(Data to examine Opens)
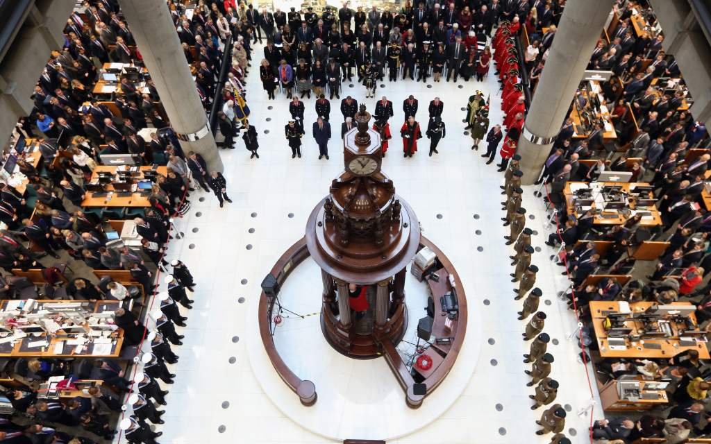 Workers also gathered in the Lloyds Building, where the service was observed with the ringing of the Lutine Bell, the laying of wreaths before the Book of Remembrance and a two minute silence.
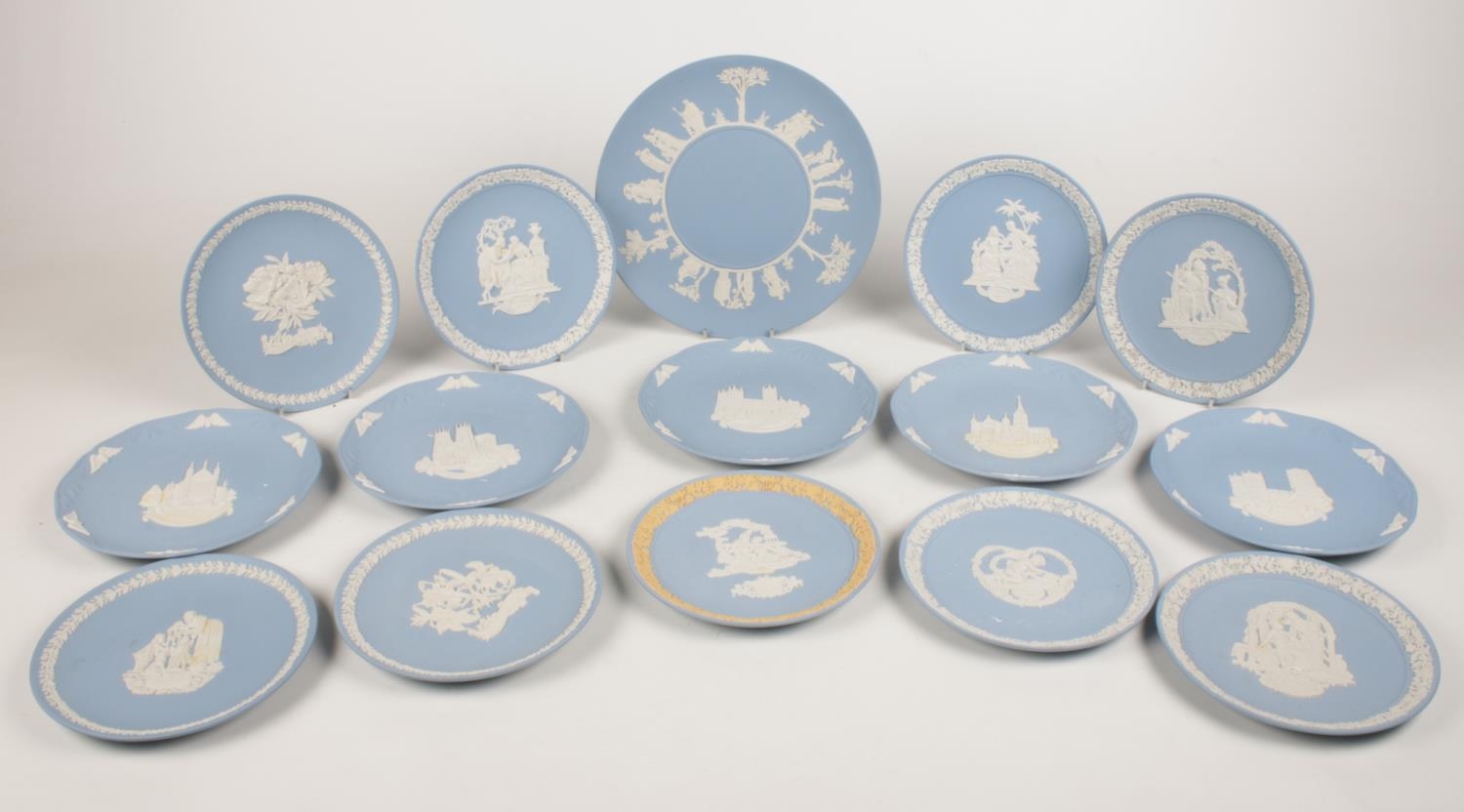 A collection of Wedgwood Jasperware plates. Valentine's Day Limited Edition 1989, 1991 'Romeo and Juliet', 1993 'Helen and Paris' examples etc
(Data to examine Closes)
(Data to examine Opens)
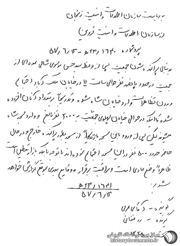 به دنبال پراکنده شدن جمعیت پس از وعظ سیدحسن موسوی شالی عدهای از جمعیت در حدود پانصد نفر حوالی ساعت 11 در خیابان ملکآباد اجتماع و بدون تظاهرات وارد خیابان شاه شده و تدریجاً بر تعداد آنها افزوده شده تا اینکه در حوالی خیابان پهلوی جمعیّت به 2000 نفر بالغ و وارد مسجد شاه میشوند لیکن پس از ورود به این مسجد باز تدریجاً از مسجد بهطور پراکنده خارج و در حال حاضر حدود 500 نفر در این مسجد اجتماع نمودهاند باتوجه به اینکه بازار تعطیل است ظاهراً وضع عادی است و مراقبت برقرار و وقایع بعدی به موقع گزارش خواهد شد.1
(Data to examine Closes)
(Data to examine Opens)
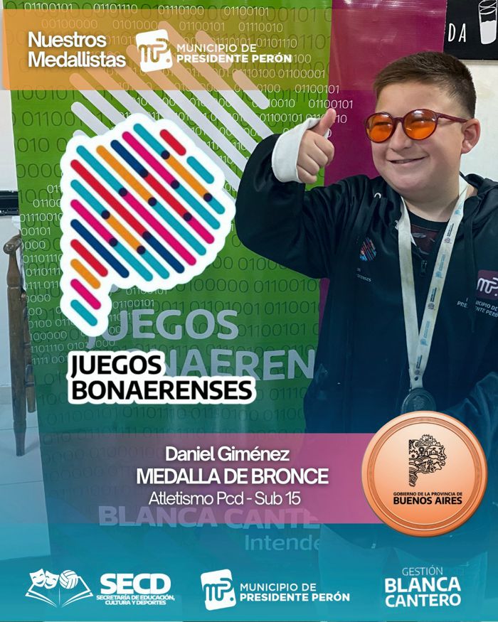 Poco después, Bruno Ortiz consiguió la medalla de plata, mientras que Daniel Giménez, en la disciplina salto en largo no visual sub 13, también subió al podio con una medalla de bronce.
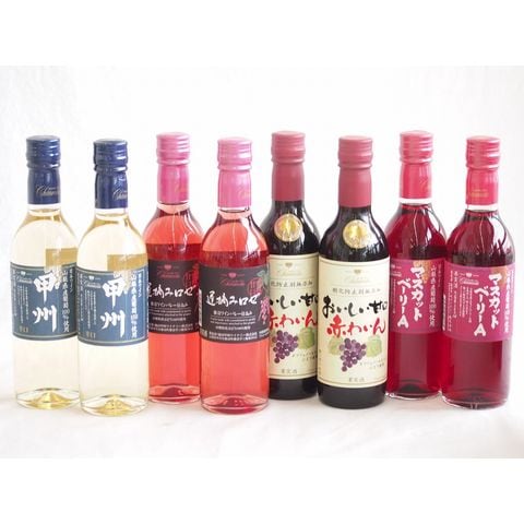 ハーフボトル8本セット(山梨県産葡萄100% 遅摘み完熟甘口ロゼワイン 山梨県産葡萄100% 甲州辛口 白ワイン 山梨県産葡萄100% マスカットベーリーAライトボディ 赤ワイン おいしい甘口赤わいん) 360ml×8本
(Data to examine Closes)
-- Exercise directions --
Within the listing above, the stretch from the line with "Workers also gathered" down to the line with "A collection of" is to be given again exactly, end lines included and pictures excluded.

-- Response box --
 Workers also gathered in the Lloyds Building, where the service was observed with the ringing of the Lutine Bell, the laying of wreaths before the Book of Remembrance and a two minute silence.
 A collection of Wedgwood Jasperware plates. Valentine's Day Limited Edition 1989, 1991 'Romeo and Juliet', 1993 'Helen and Paris' examples etc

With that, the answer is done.